The Idiots () is a 1998 Danish dark comedy-drama film written and directed by Lars von Trier. It is his first film made in compliance with the Dogme 95 Manifesto, and is also known as Dogme #2. It is the second film in von Trier's Golden Heart Trilogy, preceded by Breaking the Waves (1996) and succeeded by Dancer in the Dark (2000). It is among the first films to be shot entirely with digital cameras.

It was screened at the 1998 Cannes Film Festival and was nominated for the Palme d’Or, despite being met with widespread criticism upon release.

Plot
A seemingly anti-bourgeois group of adults spend their time seeking their "inner idiot" to release their inhibitions.
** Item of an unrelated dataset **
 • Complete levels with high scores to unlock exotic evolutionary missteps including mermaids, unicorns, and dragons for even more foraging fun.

They do so by behaving in public as if they were developmentally disabled.

At a restaurant, the patrons are disturbed by the group's mischief, barely contained by their supposed "handler", Susanne; however, single diner Karen develops an appreciation of their antics. The members of the group refer to this behaviour as "spassing", a neologism derived from "spasser", the Danish equivalent of "spaz". Karen leaves in a taxi with the people from the restaurant, and she finds herself at a big house. The apparent leader of the group, Stoffer, is supposed to be selling the house (which belongs to his uncle), but instead it becomes the focal point for group activities.
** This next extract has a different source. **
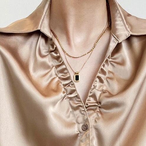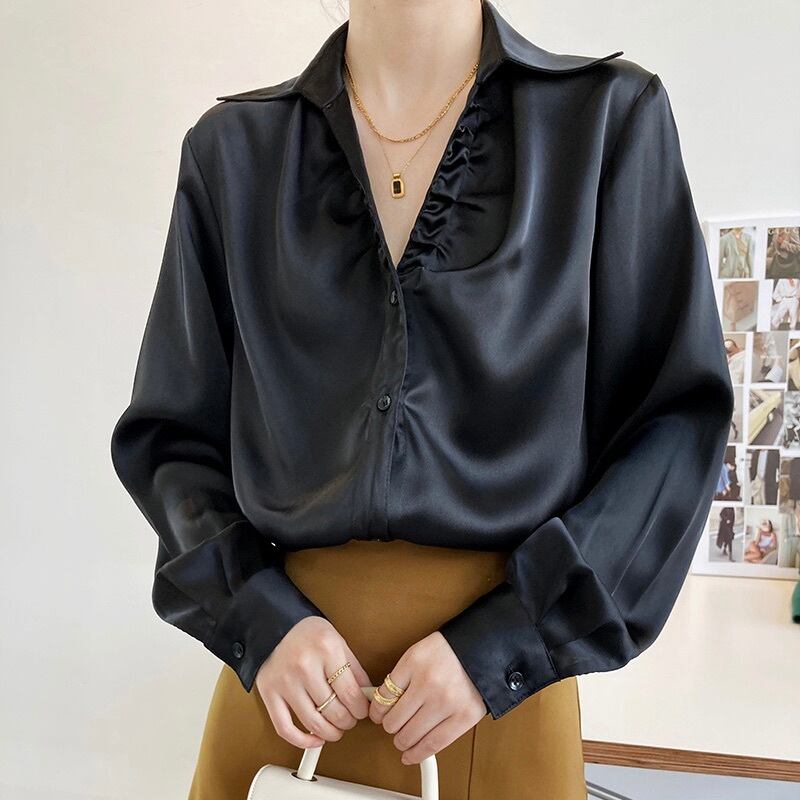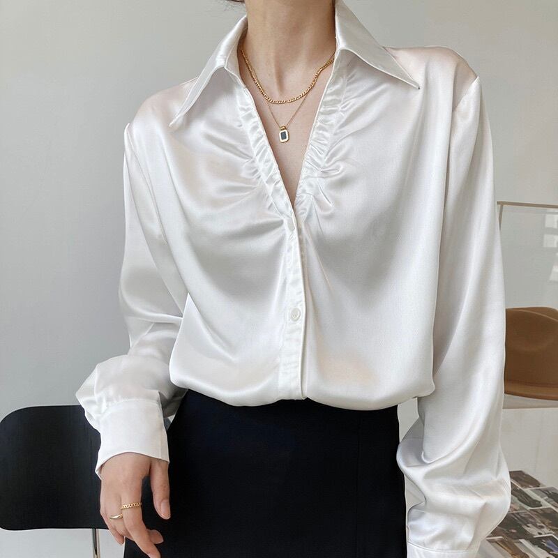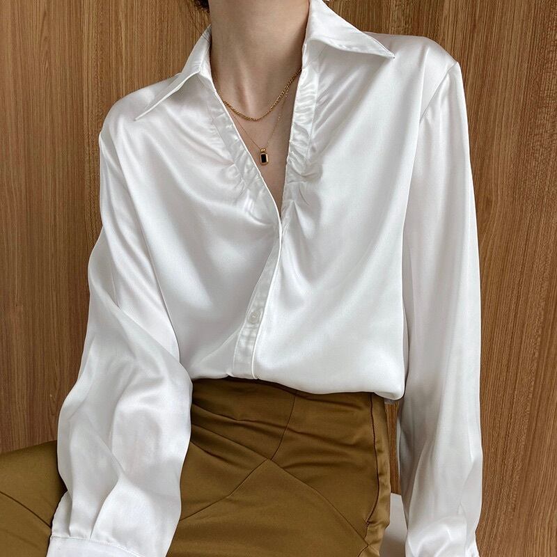 レディース トップス シャツ ブラウス 長袖 Vネック 襟付き 角襟 フェミニン タック タックプリーツ サテン かわいい 大人可愛い きれいめ シンプル 上品 おしゃれ かっこいい ガーリー クール エレガント モダン 存在感 とろみ感 抜け感 かっちり ヴィンテージ ラブリー キュート 都会的 ラグジュアリー クラシカル ベーシック ロマンティック ナチュラル 無地 春 秋 お出かけ レストラン 休日 重ね着 普段使い 着回し レイヤード 清楚 定番 S M L 白 ホワイト 黒 ブラック ベージュ

The "spassing" is a self-defeating attempt by the group to challenge the establishment through provocation. The self-styled idiots feel that the society-at-large treats their intelligence uncreatively and unchallengingly; thus, they seek the uninhibited self-expression that they imagine a romantic ideal of disability will allow.

Stoffer, at his birthday party, wishes for a "gangbang", and both clothes and inhibitions are soon discarded. Then, when Stoffer calls for the group members to let idiocy invade their personal daily lives, Karen takes up the challenge. She takes Susanne back to her house, where they are greeted with surprise by Karen's mother. Karen has been missing for two weeks, following the death of her young baby; she offers no explanation of where she has been. Karen attempts to spaz in front of her family by dribbling her food, but this results in a violent slap from her husband, Anders. Karen and Susanne leave the house together.

Cast

 Bodil Jørgensen as Karen
 Jens Albinus as Stoffer
 Anne Louise Hassing as Susanne
 Troels Lyby as Henrik
 Nikolaj Lie Kaas as Jeppe
 Louise Mieritz as Josephine
 Henrik Prip as Ped
 Luis Mesonero as Miguel
 Knud Romer Jørgensen as Axel
 Trine Michelsen as Nana
 Anne-Grethe Bjarup Riis as Katrine
 Paprika Steen as High-class lady
 Erik Wedersøe as Stoffer's uncle
 Michael Moritzen as Man From Municipality
 Anders Hove as Josephine's father
 Lars von Trier (uncredited voice) as Interviewer

Production
The Idiots is a co-production of companies from Denmark, France, Italy, the Netherlands, Spain, and Sweden. It was filmed during May and June 1997. The script was written over just four days, between 16-19 May.

Style
The confession of a Dogme 95 film is an idea adapted by Thomas Vinterberg in the first Dogme 95 film: Make a confession if there were things happening on the shoot which are not in accordance with the strict interpretation of the Dogme 95 rules. It is written from the director's point of view. Accordingly, von Trier made the following confession:

In relation to the production of Dogme 2 "The Idiots", I confess:
 To have used a stand-in in one case only (the sexual intercourse scene).
 To have organised payment of cash to the actors for shopping of accessories (food).
 To have intervened with the location (by moving sources of light – candlelight – to achieve exposure).
 To have been aware of the fact that the production had entered into an agreement of leasing a car (without the knowledge of the involved actor).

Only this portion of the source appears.